Flowers are the ultimate symbol. (1) Georgia O’Keeffe painted them constantly using jimson weed, lilacs, irises, orchids and sunflowers. And she was interested in the flowers, not in vaginas. Yet still today her paintings are interpreted as sexual organs. It was a Freudian interpretation of her gallerist – and later husband – Alfred Stieglitz - that did wonders for the marketing of her work and career, but at the same time became something of a prison for her. “You hung all your own associations with flowers on my flower and you write about my flower as if I think and see what you think … and I don’t,” she wrote in 1939 in a catalogue accompanying one of her New York shows.

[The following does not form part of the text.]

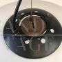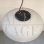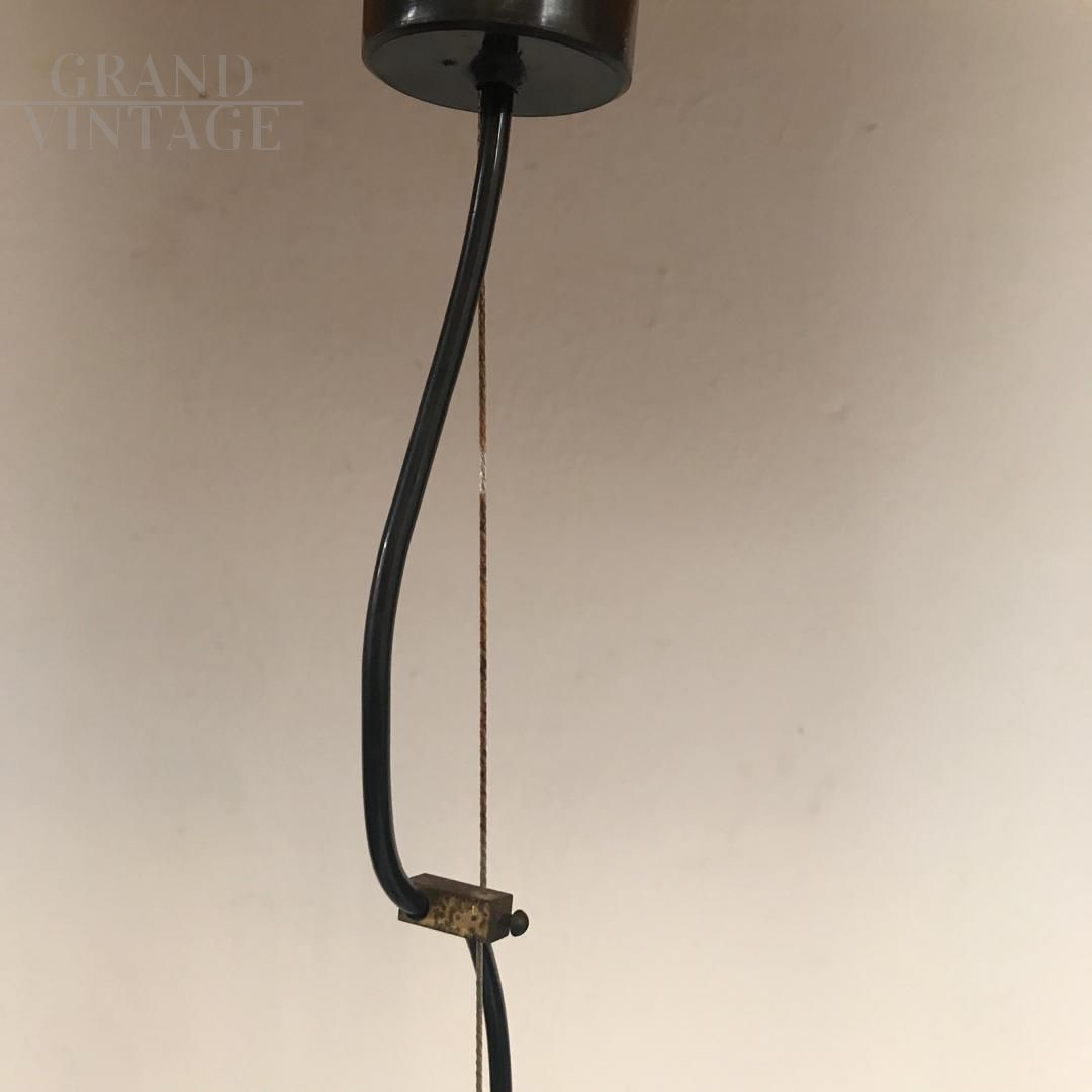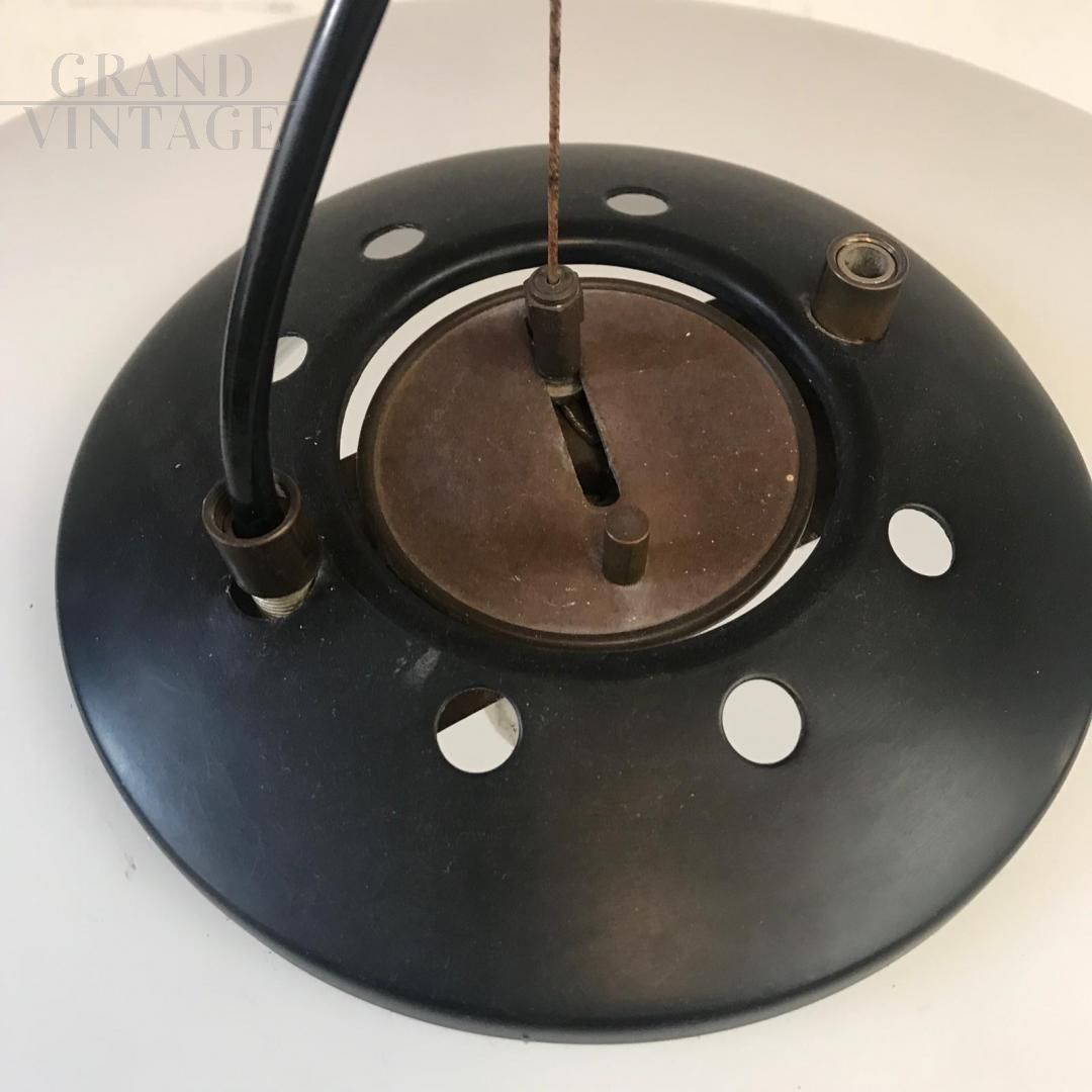 Lampada a sospensione Ufo Stilnovo, modernariato anni '60, in ottone laccato nero e vetro opalino.

Over the course of history flowers have had their own interpretations, associations and connotations, forming a system of meaning all of their own. The transience of flowers is associated with fragility, but their roots penetrate the earth. Unimpressed by asphalt, stone and concrete, they continue to grow tirelessly. They spread in collaboration with other biotic forces: bees, wasps, butterflies, moths, birds and bats assist in cross-pollination. Some flowers have either a stamen or a pistil, but the vast majority of flowers are hermaphrodites, contrary to what the Swedish physician and botanist Carl Linnaeus once led us to believe. In his book Systema Naturae (1735) he presented a new taxonomy in which he arranged the plant kingdom into 24 categories or species. His classification system simplified the study of botany by giving the same Latinate name to all plants everywhere in the world (whether they already had a name or not). Partly because of this simplification, his taxonomy took off and has remained popular for a long time. Linnaeus based his system on the reproductive organs (the stamens and ovaries) of plants, which he believed formed the essence of the plant. Here, however, he soon ran into some unsolvable issues. His observations that plants reproduced in different ways clashed with the narrow scope of his thought. For example, his manner of thinking prescribed a strict hierarchy in which human beings were at the top and where there was only room for male-female reproduction: any other possibility was unimaginable.

In 1892, the English writer Oscar Wilde employed green carnations to make an ironic statement of resistance on this. The ‘unnatural’ colour countered the heteronormative world of Linnaeus which labelled homosexuality abnormal. For the premiere of his play Lady Windermere’s Fan (1892), he dipped some carnations in green dye and asked one of the actors and some of his friends to wear these green carnations in their buttonholes. When he was asked what the green carnation meant he replied; “Nothing, whatever, but that is just what nobody will guess.” The green carnation is a still an important queer symbol today.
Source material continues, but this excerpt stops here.